THE TASK: Retype only the lines below from the one with "Wall Mounted Folding" to the one with "Colt Gold Cup", inclusive, skipping every image.

EXCERPTED DATA:
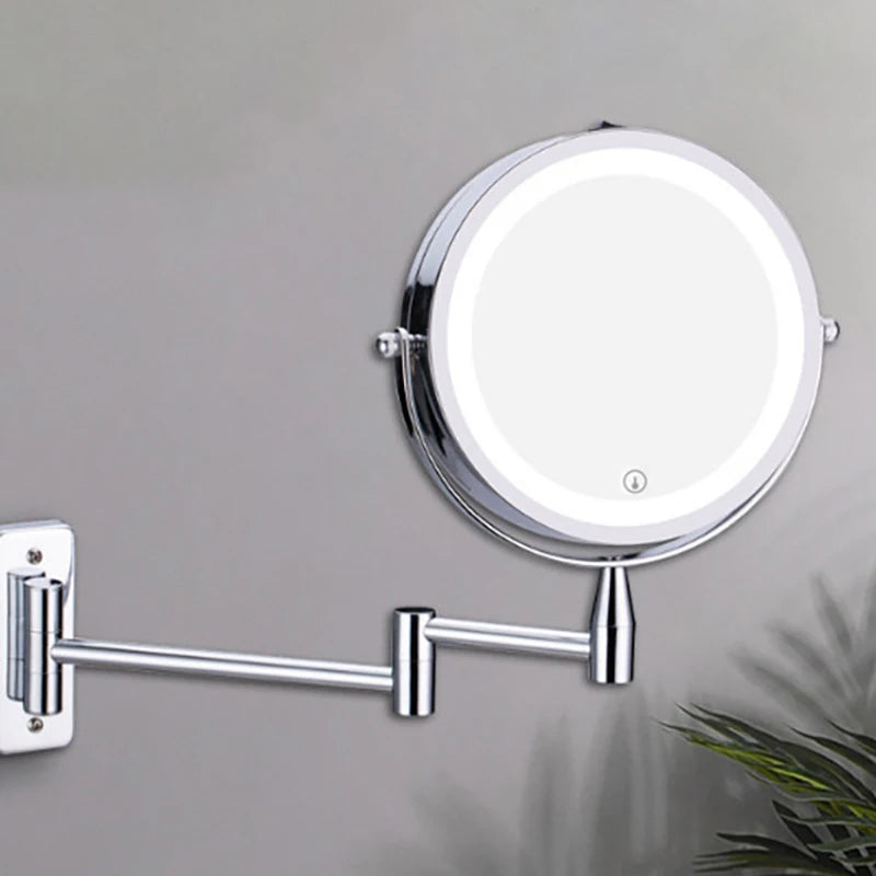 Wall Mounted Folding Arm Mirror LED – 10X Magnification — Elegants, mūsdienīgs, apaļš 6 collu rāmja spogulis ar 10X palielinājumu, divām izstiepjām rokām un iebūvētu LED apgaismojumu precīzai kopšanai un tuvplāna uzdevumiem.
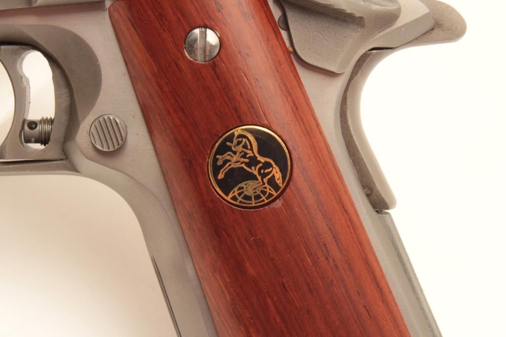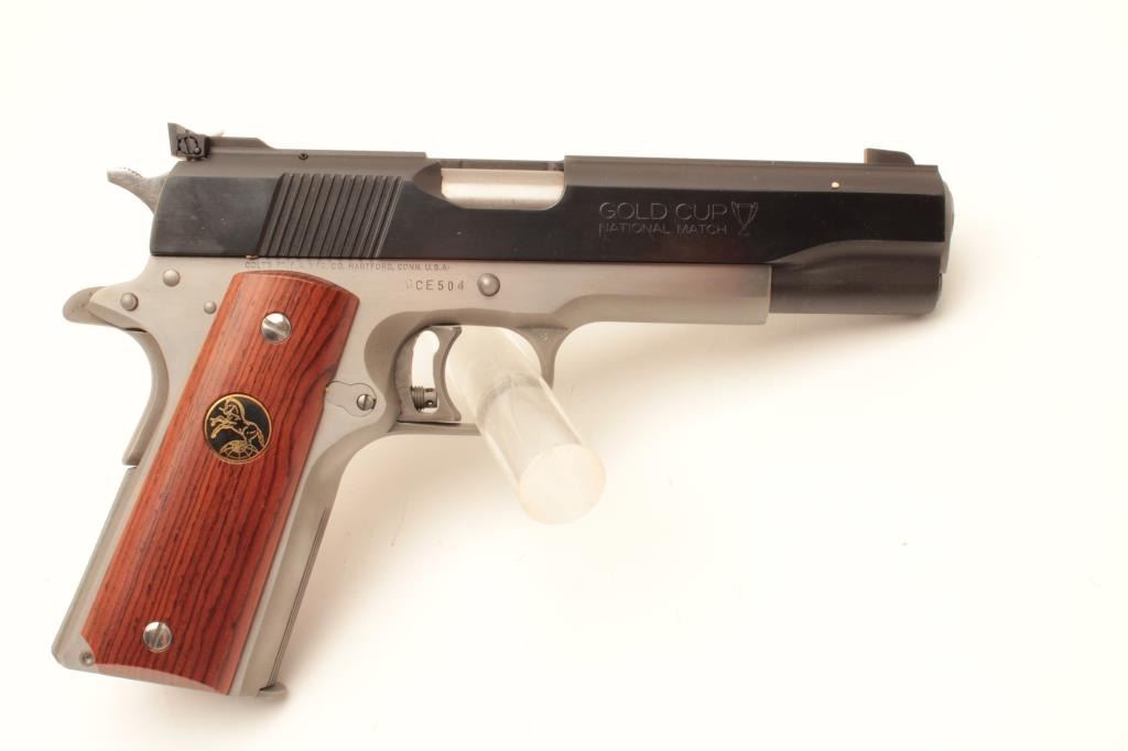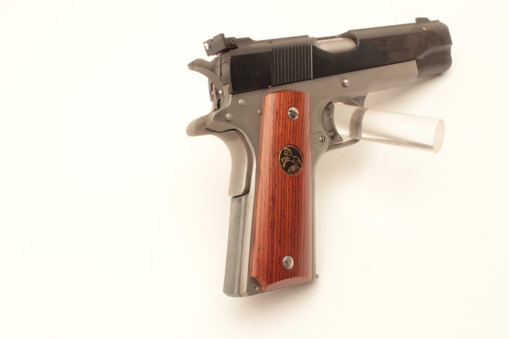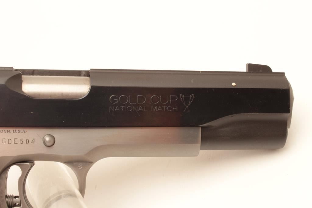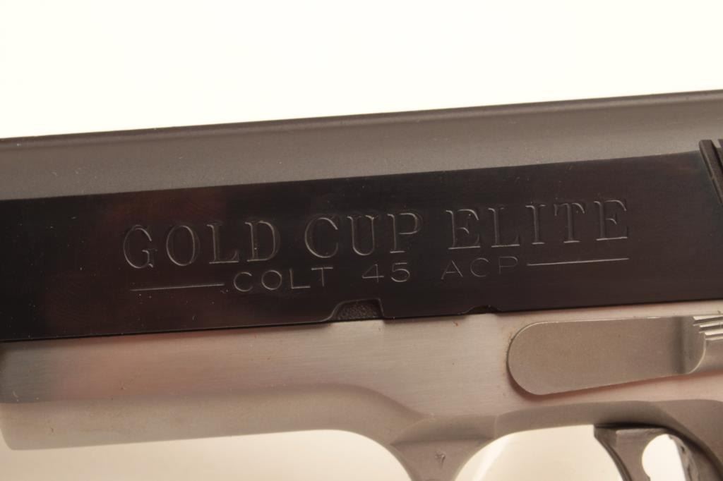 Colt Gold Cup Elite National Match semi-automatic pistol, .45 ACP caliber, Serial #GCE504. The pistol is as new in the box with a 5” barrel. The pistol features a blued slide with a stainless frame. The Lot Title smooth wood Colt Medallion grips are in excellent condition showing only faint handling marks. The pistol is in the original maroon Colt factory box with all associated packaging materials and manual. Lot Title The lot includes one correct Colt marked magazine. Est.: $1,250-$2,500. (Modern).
---
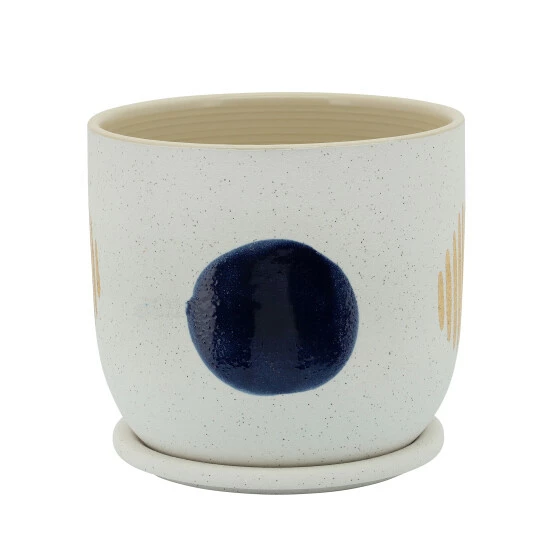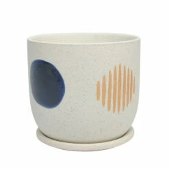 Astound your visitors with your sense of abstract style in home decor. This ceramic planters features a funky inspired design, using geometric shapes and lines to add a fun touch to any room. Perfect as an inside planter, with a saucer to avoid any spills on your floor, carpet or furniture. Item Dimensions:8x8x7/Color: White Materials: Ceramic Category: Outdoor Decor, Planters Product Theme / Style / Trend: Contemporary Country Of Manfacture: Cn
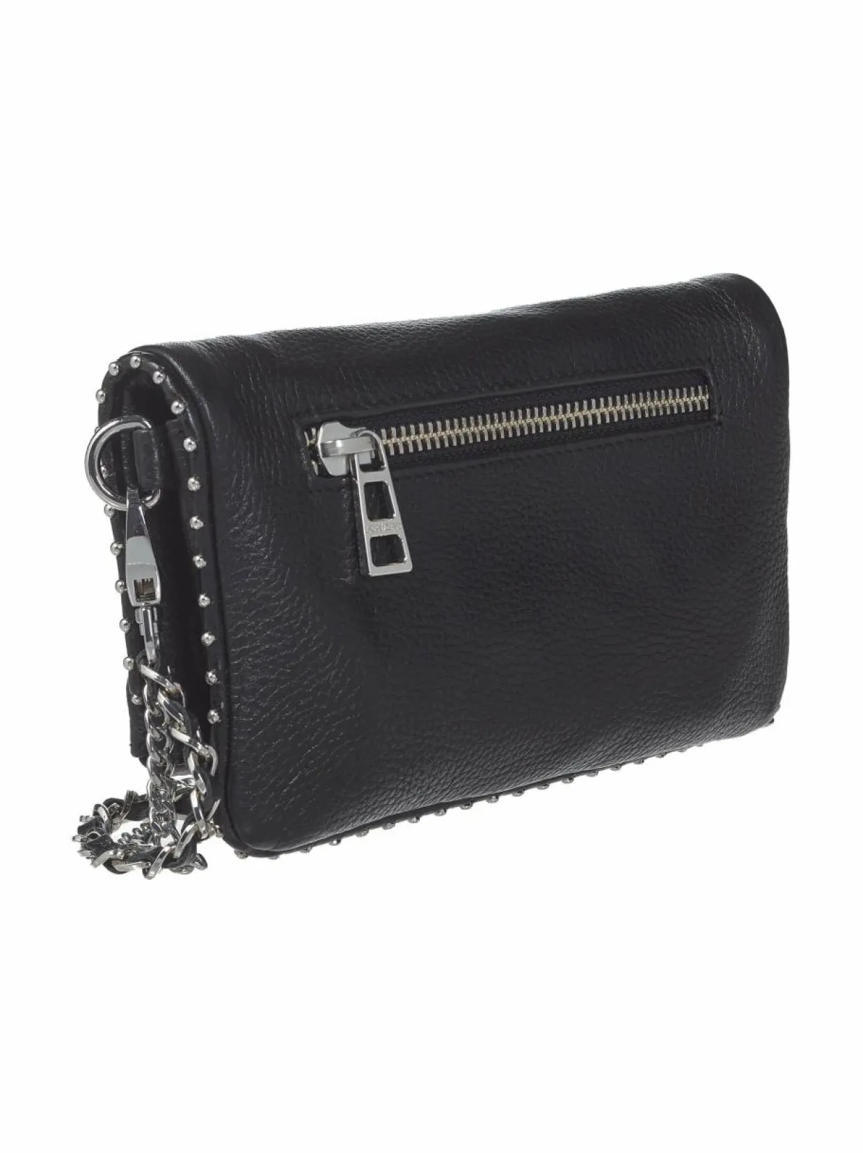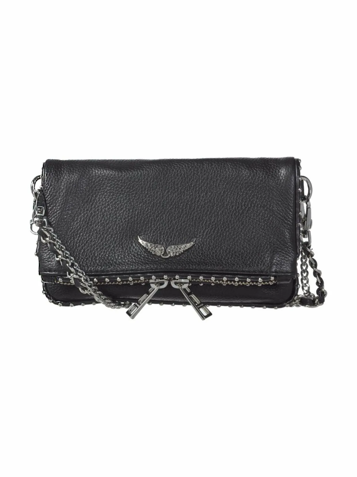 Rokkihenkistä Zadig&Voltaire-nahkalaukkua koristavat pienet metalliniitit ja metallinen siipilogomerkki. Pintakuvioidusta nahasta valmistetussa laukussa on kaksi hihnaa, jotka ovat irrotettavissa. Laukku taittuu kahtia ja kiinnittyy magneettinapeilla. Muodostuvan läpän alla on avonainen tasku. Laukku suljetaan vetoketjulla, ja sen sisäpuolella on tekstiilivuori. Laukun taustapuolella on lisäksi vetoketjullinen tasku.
...
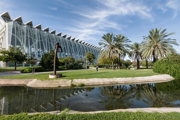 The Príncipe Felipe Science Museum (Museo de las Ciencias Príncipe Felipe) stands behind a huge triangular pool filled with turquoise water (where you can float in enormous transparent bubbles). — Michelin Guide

EXERCISE ANSWER:
 Wall Mounted Folding Arm Mirror LED – 10X Magnification — Elegants, mūsdienīgs, apaļš 6 collu rāmja spogulis ar 10X palielinājumu, divām izstiepjām rokām un iebūvētu LED apgaismojumu precīzai kopšanai un tuvplāna uzdevumiem.
 Colt Gold Cup Elite National Match semi-automatic pistol, .45 ACP caliber, Serial #GCE504. The pistol is as new in the box with a 5” barrel. The pistol features a blued slide with a stainless frame. The Lot Title smooth wood Colt Medallion grips are in excellent condition showing only faint handling marks. The pistol is in the original maroon Colt factory box with all associated packaging materials and manual. Lot Title The lot includes one correct Colt marked magazine. Est.: $1,250-$2,500. (Modern).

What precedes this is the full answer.